## INSTRUCTIONS TO FOLLOW:
Leave out the pictures and repeat the data exactly.

## GIVEN INFORMATION:

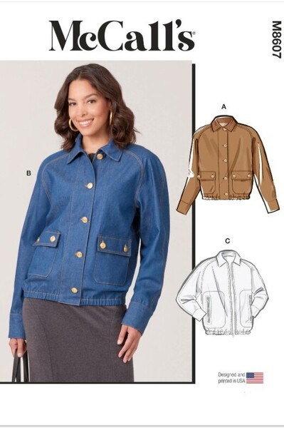 Unlined blouson jacket patterns have pointed collar, elastic hem, patch pockets and button cuffs. Views A and B have front button opening. View C has separating front zipper.
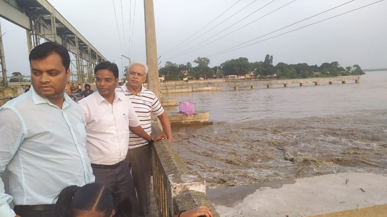 कोशी बराज के डिस्चार्ज पानी बहाव की स्थिति का निरीक्षण
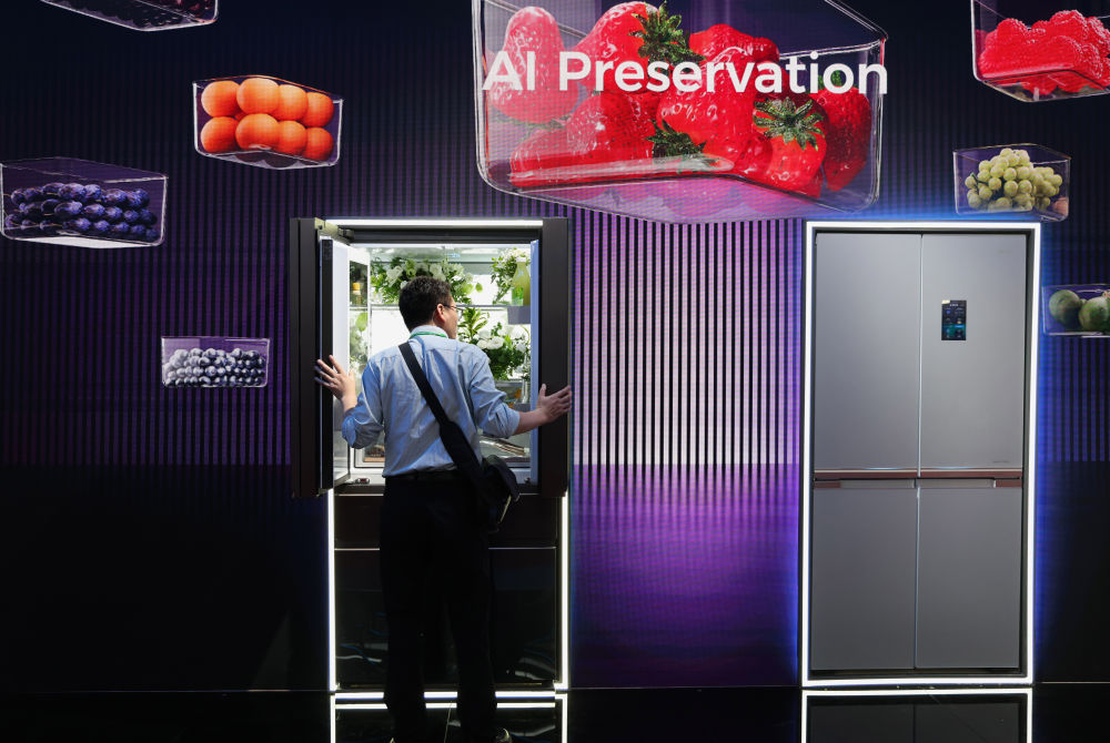 4月16日,客商在廣交會上參觀瞭解一款智能冰箱。新華社記者 盧漢欣 攝

## EXERCISE SOLUTION:
 Unlined blouson jacket patterns have pointed collar, elastic hem, patch pockets and button cuffs. Views A and B have front button opening. View C has separating front zipper.
 कोशी बराज के डिस्चार्ज पानी बहाव की स्थिति का निरीक्षण
 4月16日,客商在廣交會上參觀瞭解一款智能冰箱。新華社記者 盧漢欣 攝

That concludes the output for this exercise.